How we are stepping into it at that moment, who we are in that moment to our audience, students, but to ourselves, number one. And the passion and the electricity that comes out when we know we're doing who we are. I mean, the first day we filmed, I think it might have been a Tuesday, it was a Tuesday, 11, I think we started with my Tuesday 11 o'clock class, it used to be at 11. I was also very nervous, extremely, and just like that, similar thing. And what happens to me, for a lot of you who don't know, is I have a tendency to get a little bit emotional, if not a lot emotional where I can cry easily.

I'm surprised I'm not doing it right now, I'm a little bit teary. But it's a good, I'm proud of it now. I used to not be, it used to really embarrass me and get me scared. But I was stood up, 'cause same thing, can't pause. No pausing, so I stood there and welcomed everybody and I had a flood of emotion come up and started crying.

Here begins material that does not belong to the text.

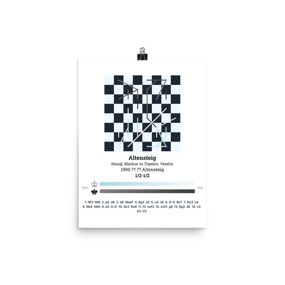 Museum-quality poster on thick, durable matte paper. A sharp, clean look for any chess visualisation.
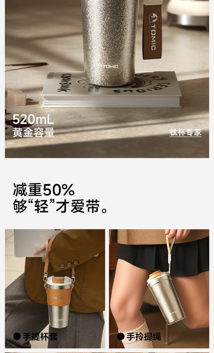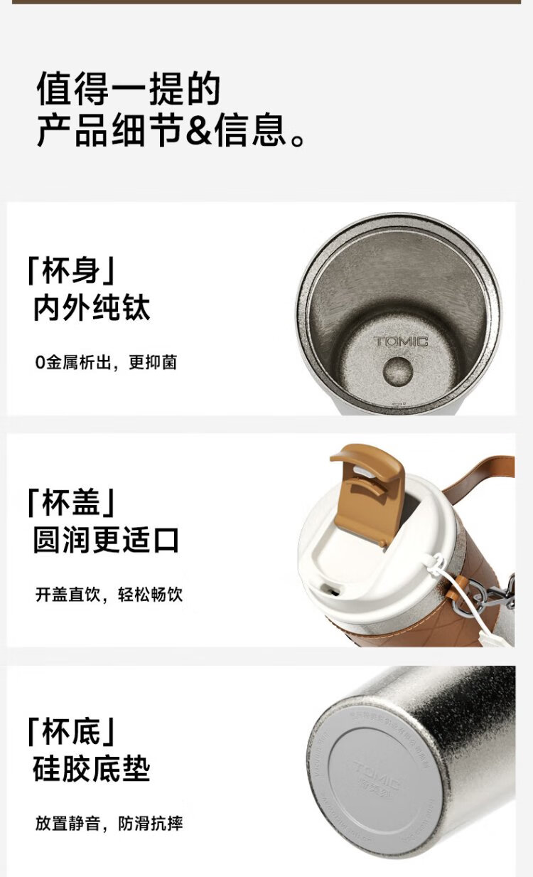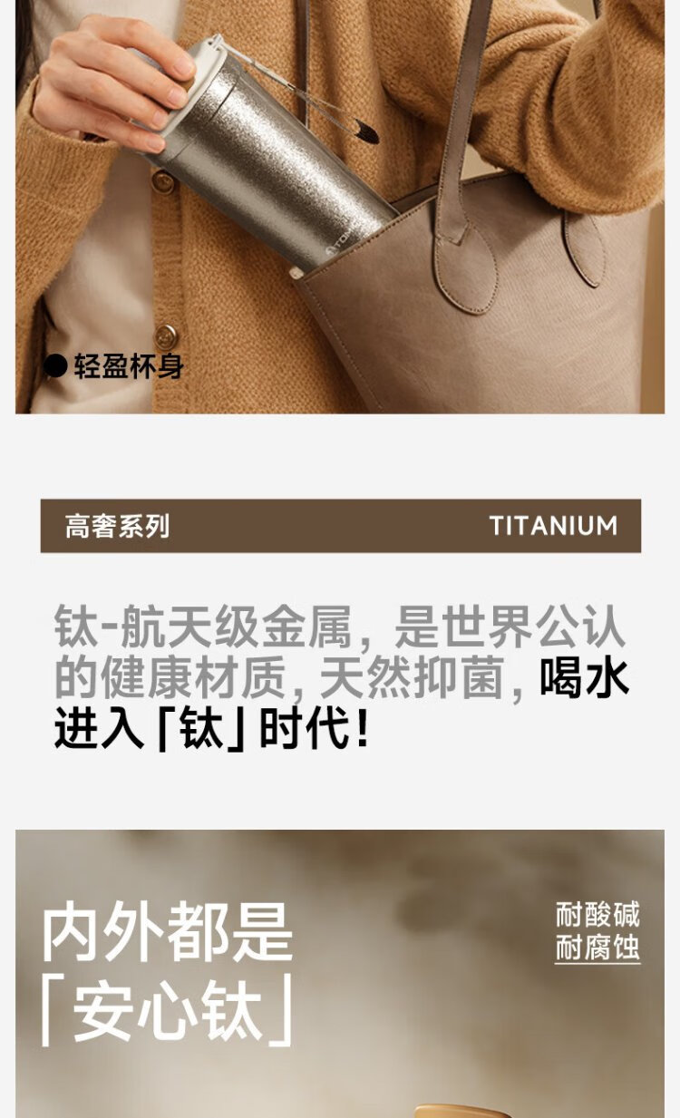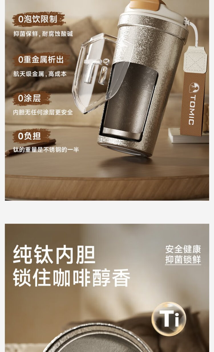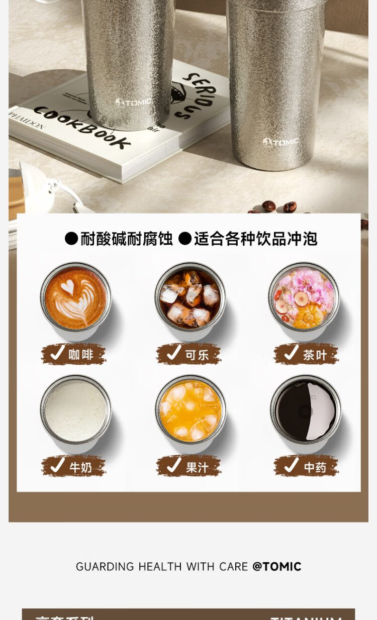 TOMIC Pure Titanium Cup Women's Insulated Coffee Cup Portable Large Capacity Water Cup with Lid Holiday Practical Double Eleven Gift

But it was a moment that I felt everyone's, and whatever, I did feel energy even though I couldn't see my students. But it was also just 'cause I felt like, too, I'm about to teach, I'm about to be seen, and be heard, and be received for what I'm about to give. And so that exchange of give-receive in that moment live, and we get to do it every week, we get to do it every week. Exactly. Yeah, there's an electricity that comes up and then you just drop in and boom, you start going and you show up, we are us.

Yeah, and I hadn't had that in a long time. I hadn't had that, I mean, yeah, no, it's beautiful, it's exactly, well said, it's well said. What I said in, something I wrote down, it was along the lines of the structure of time, I don't miss knowing what time it is when my client walks through the door, who it is. Like, "Oh, it's Jill 10, it must be 10 on Tuesday." 'Cause it was like that for so long, I don't miss that. I miss her, but I don't miss that.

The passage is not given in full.